- _ABOUT THIS TASK_
You are asked to copy the entire listing exactly, apart from its pictures.

- _GIVEN MATERIAL_
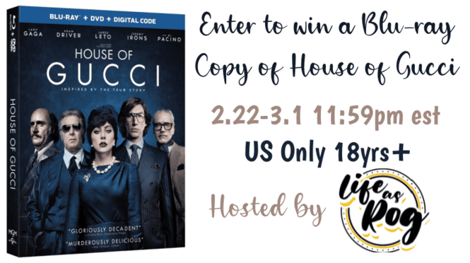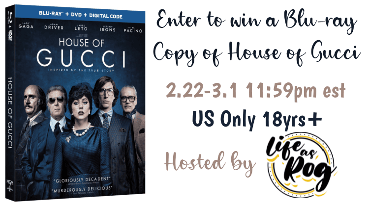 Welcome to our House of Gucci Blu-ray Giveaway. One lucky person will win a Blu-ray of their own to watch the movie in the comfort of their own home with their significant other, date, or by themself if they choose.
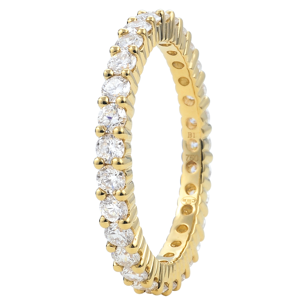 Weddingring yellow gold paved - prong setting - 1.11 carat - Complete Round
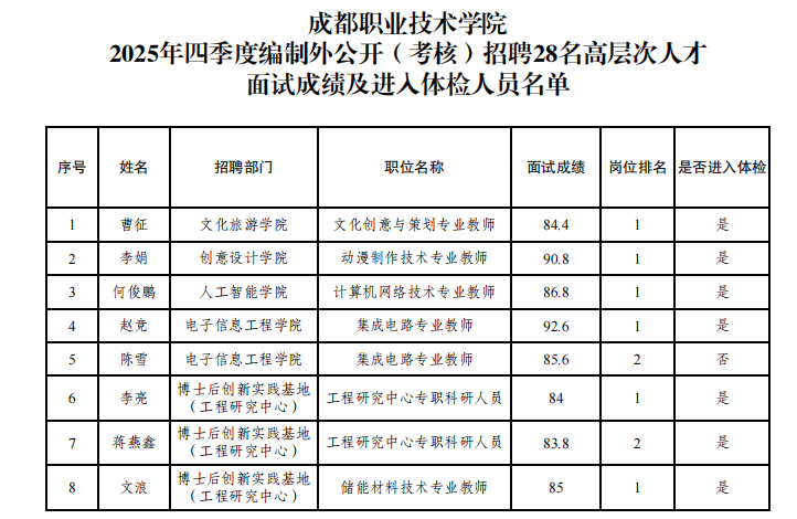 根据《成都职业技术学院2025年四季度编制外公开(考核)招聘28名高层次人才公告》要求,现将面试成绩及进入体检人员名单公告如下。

- _SOLUTION_
 Welcome to our House of Gucci Blu-ray Giveaway. One lucky person will win a Blu-ray of their own to watch the movie in the comfort of their own home with their significant other, date, or by themself if they choose.
 Weddingring yellow gold paved - prong setting - 1.11 carat - Complete Round
 根据《成都职业技术学院2025年四季度编制外公开(考核)招聘28名高层次人才公告》要求,现将面试成绩及进入体检人员名单公告如下。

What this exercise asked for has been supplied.